Small Language Models

Most of the progress in Large Language Models nowadays in making them smaller, i.e., increasing the compression efficiency– packing the same data with as little loss as possible into a 7 GB package instead of a 700 GB one, for instance. I like this direction of progress, for accessibility and usability reasons, but not even AI Doomers think this approach poses a “Artifical Super-Intelligence” risk.

I expect the next era of AI will mostly be more of this. The “Autonomous AI Agent” narrative of 2023, the Holy Grail of AI Hypefluencers, was a bust. Even the best AI isn’t anywhere near smart enough to be an autonomous agent, even for very simple tasks. So it’s not clear there’s much benefit in investing in huge, expensive, and hard-to-run models. What would you be trying to achieve?

Interestingly, what I’ve started calling “Small Language Models”, i.e., 10-100 billion parameter open models that you can run on your own machine, are not enormously worse than the Large Language Models with >1 trillion parameters. They’re worse, but not way worse. And the gap is closing.

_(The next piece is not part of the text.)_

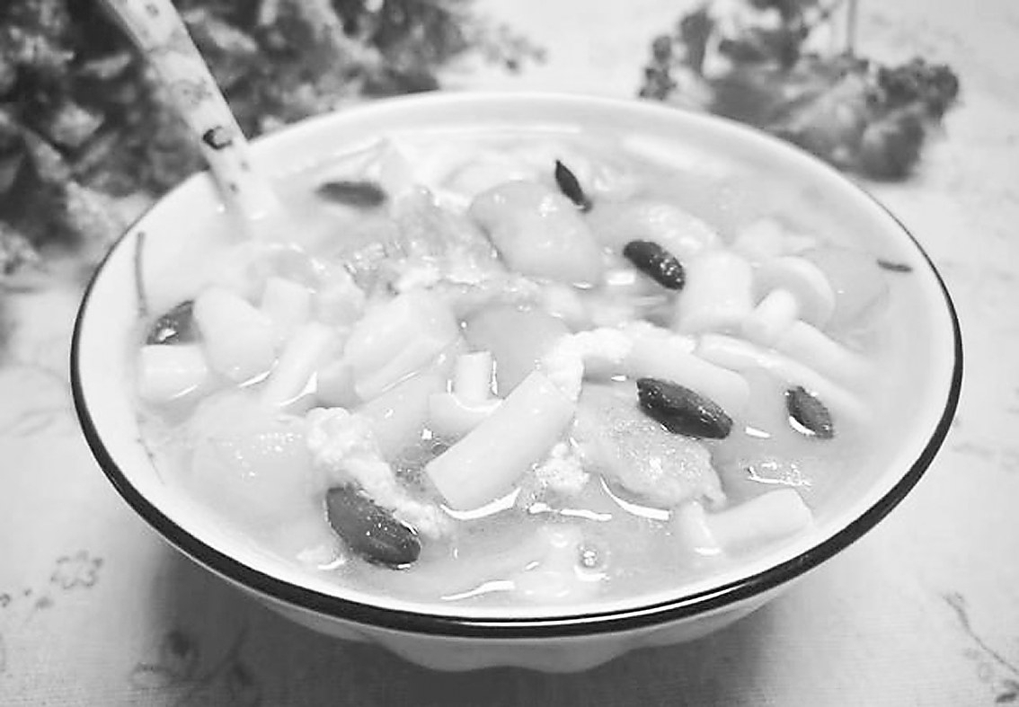 【丝瓜汤】食材:丝瓜、白玉菇、鸡蛋、蒜粒、盐、香油。

Conclusion: AI is just its training data

An AI attempts to replicate (interpolate or extrapolate) its training data. The training data is produced and evaluated by humans. AI cannot generate its own training data; doing so would achieve nothing except introducing random and compounding errors at each epoch (training cycle). The intelligence of AI is therefore bounded by the intelligence of the training data humans can provide to it; therefore, the intelligence of AI is bounded by the intelligence of humans, QED.

One of the oldest computing adages is, “Garbage in, garbage out”. If you provide a program with nonsense data, it will produce gibberish as a result. GPT has shown, by the same token: “pretty good in, pretty good out”.